Write your answers in the comments section below

  • Eric0221-YYCA
    5/16/2016 - 08:23 p.m.

    The baby starfishes had been coming back to the ocean in which scientists had been looking for any of the starfishes that had been dying from a disease that had been wiping out the whole populations of the starfishes. The scientists had been able to hypothesize about the starfish coming back to the shores is that they would be able to study more about the starfishes after a disease had wiped them out. The starfishes were then wiped out by a certain disease that had wiped out the entire species of starfish but the baby starfishes had managed to survive the disease. Scientists had been able to study more of the starfishes after they had came back from the disease that had wiped out most of the species of starfish from the ocean.
    Critical Thinking Question: Why don't we know what was killing the starfish?
    Answer: I know that we don't know what was killing the starfish because they didn't study the bacteria that was killing off the species of starfish.

  • samanthas-1-ste
    5/17/2016 - 11:19 a.m.

    We know that a virus was killing the starfish, but we dont know how it got there.

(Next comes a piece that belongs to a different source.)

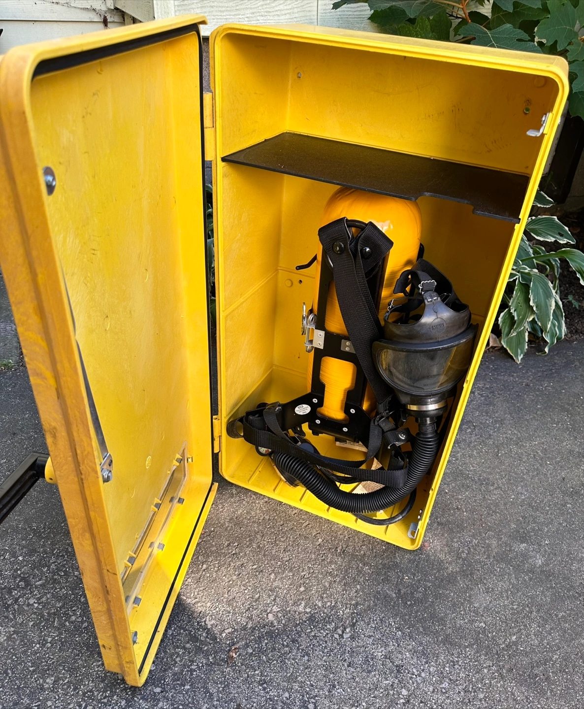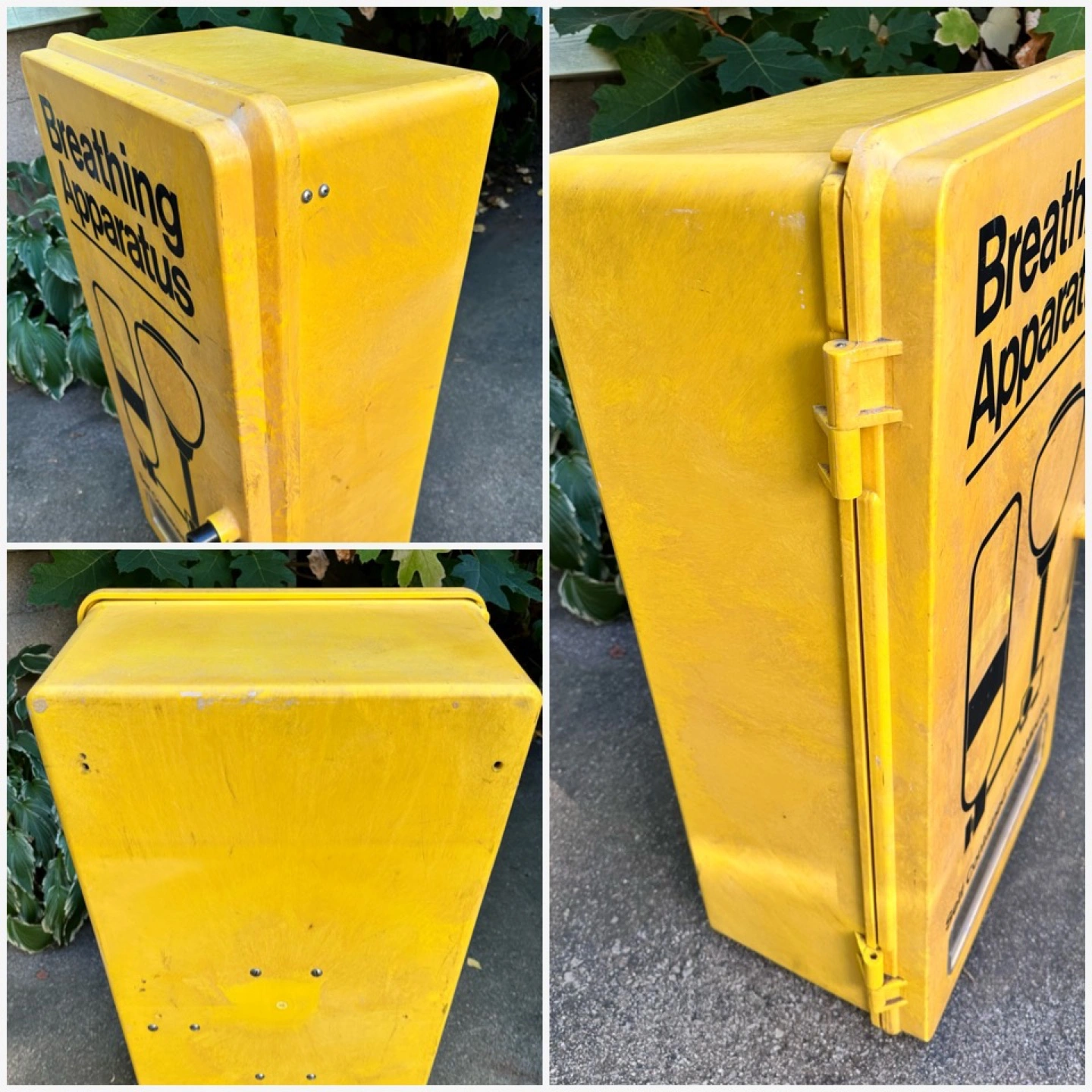 👉🏼 Pickup in Waterdown This very unusual and unique item is sure to draw attention and may be practical too! In storage for years, it will need to be tested and air tank filled before any attempted use but it’s a rare safety breathing unit and 30 minute air supply tank - complete with mask, regulator, hoses and wall cabinet to mount. See photos for measurements and detail. Super cool find for a man cave or garage! Decor and functional (after testing). Google image search shows comparable and some cabinets only selling for $1,000!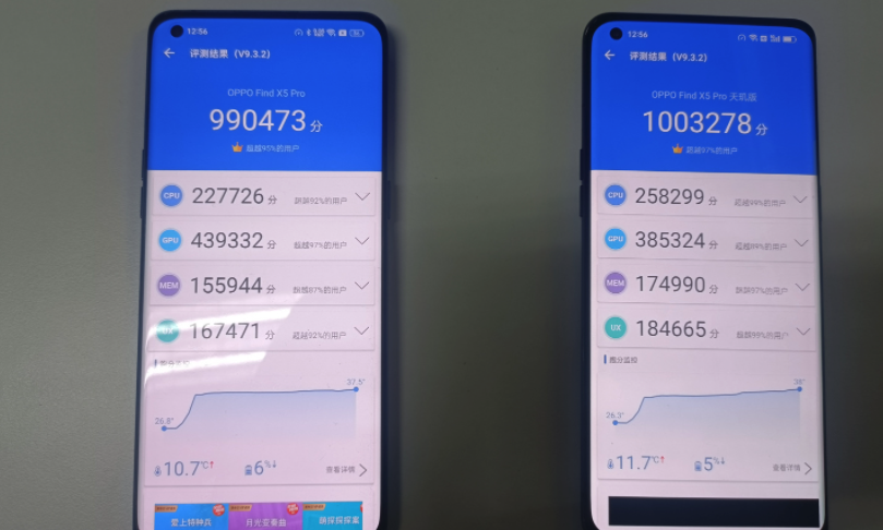 两部手机跑分时都开启了高性能模式,从跑分结果来看,OPPO Find X5 Pro 天玑版的安兔兔综合成绩超过百万,达到了 1003278 分,略微高于搭载骁龙 8 的 OPPO Find X Pro 成绩,后者的分数也达到了 990473 分。具体来看,OPPO Find X5 Pro 天玑版的 CPU 成绩要高于骁龙 8,但 GPU 成绩不及后者。(来源: IT之家)

Scientists are coming up with certain theories, but the truth is still unclear.

  • TehyaWhite-Ste
    5/17/2016 - 07:42 p.m.

    They don't know what it was exactly because they have no clear environmental clue and other things such and competition could also be killing them since they are so little.

  • ShawnaWeiser-Ste
    5/23/2016 - 01:26 p.m.

    Starfish are so cute. Every time I think of starfish, I think of Patrick from Spongebob and I couldn't imagine not having him in the show.

  • Steve0620-yyca
    6/09/2016 - 05:54 p.m.

    I think that it is hopeful that the starfish population is growing. A virus started to kill the starfish and have many negative effects on them. They were losing limbs, turning into pile of bones, and disintegrating. Scientists are trying to find out the cause of the disease. It has been going on for two year. It makes survival difficult for the creatures. I hope that the creatures will keep on fighting to survive and grow.
    I think that we don't know what was killing the starfish because there is no clue. The virus could have spread through many different ways in different temperatures. The scientists are still researching and trying to figure out the cause.

  • TaylorSeifert-Ste
    7/31/2016 - 12:03 a.m.

    We don't know what was killing the starfish because scientist were not able to determine how the disease spread or where it came from. They do believe that it was a disease, not an effect of environmental abnormalities, but what disease was never discovered. While the starfish population has increased, the creatures still face difficulties to survive due to disease, competition, and other environmental factors.

  • jadenj-pav
    9/22/2016 - 10:01 a.m.

    This is such good news!I am so glad baby starfish are coming back because bio diversity in aquatic life is very important in marine biology. Even though we don't know what was killing them now we can spend more time finding out what did.